外貨建てMMFは、外貨で運用される公社債投資信託の一種であり、日本の円預金とは異なるのはもちろんのこと、外貨預金とも異なる特徴を持っています。
外貨建てMMFの特徴と運用方法
外貨建てMMF(マネー・マーケット・ファンド)とは、米ドルや豪ドルなど、外貨で運用される公社債投資信託のひとつです。
公社債投資信託とは、組み入れる銘柄に一切株式が入らない投資信託のことで、国債や地方債、社債などを投資対象としています。
そのため、リスクが小さく、比較的安全性が高いとされています。
安定した利回りを目指せるのもメリットのひとつで、得られた分配金は原則として自動的に再投資されます。長期で保有すれば複利効果も期待できるでしょう。
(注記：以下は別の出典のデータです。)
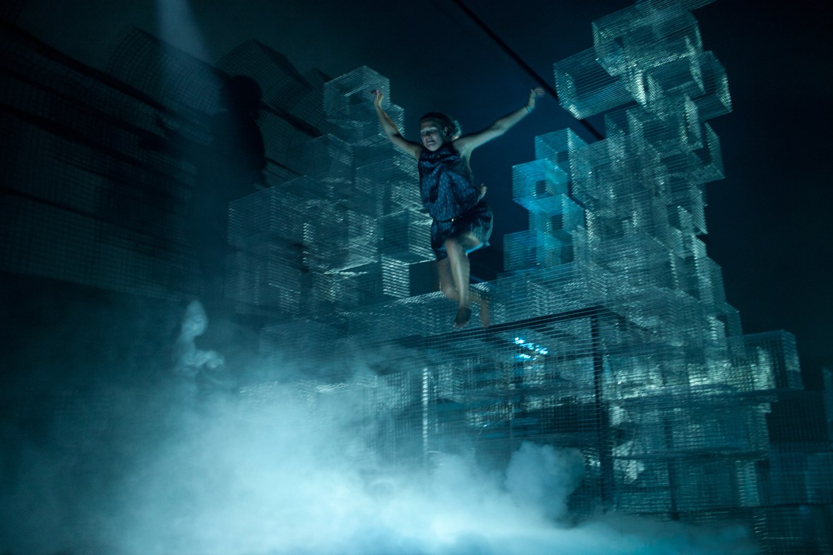 Fog machines, metal, fans, neons. Dimensions variable. Courtesy National Art Gallery Zachęta, Warsaw. Photo: Maciej Landsberg.

ただし、外貨建てMMFは預金ではないので、元本保証はありません。運用成績や為替レートの変動によっては、投資額を下回る可能性があります。
外貨預金との違い
外貨建てMMFとよく比較されるのが「外貨預金」です。どちらも外貨で資産を保有する点は共通していますが、その性質は異なります。
下記の表で違いを確認してみましょう。
特に注目したいのは税制です。
外貨預金の場合、利息に対しては、源泉分離で20.315%が課税されます。為替差益は雑所得として、給与所得などと合算して課税される総合課税の対象となります。したがって、所得が多いほど税率が高くなります。
外貨建てMMFの場合、分配金は20.315%の源泉分離課税、為替差益は譲渡所得と合算され、他の所得とは分離して課税されます(申告分離課税)。税率は一律20.315%です。ちなみに、外貨建てMMFはNISAの対象外です。
また、外貨建てMMFに関しては、一般的に特定口座を通じて購入するため、同じ口座内であれば自動的に損益通算ができるほか、確定申告も可能です。これは外貨預金では行えません。
一方、外貨預金は、預け入れた金融機関が破綻した場合、「預金保険制度(ペイオフ)」の対象外です。
外貨建てMMFは投資信託なので、そもそも同制度の対象外ですが、MMFは信託財産として分別管理されています。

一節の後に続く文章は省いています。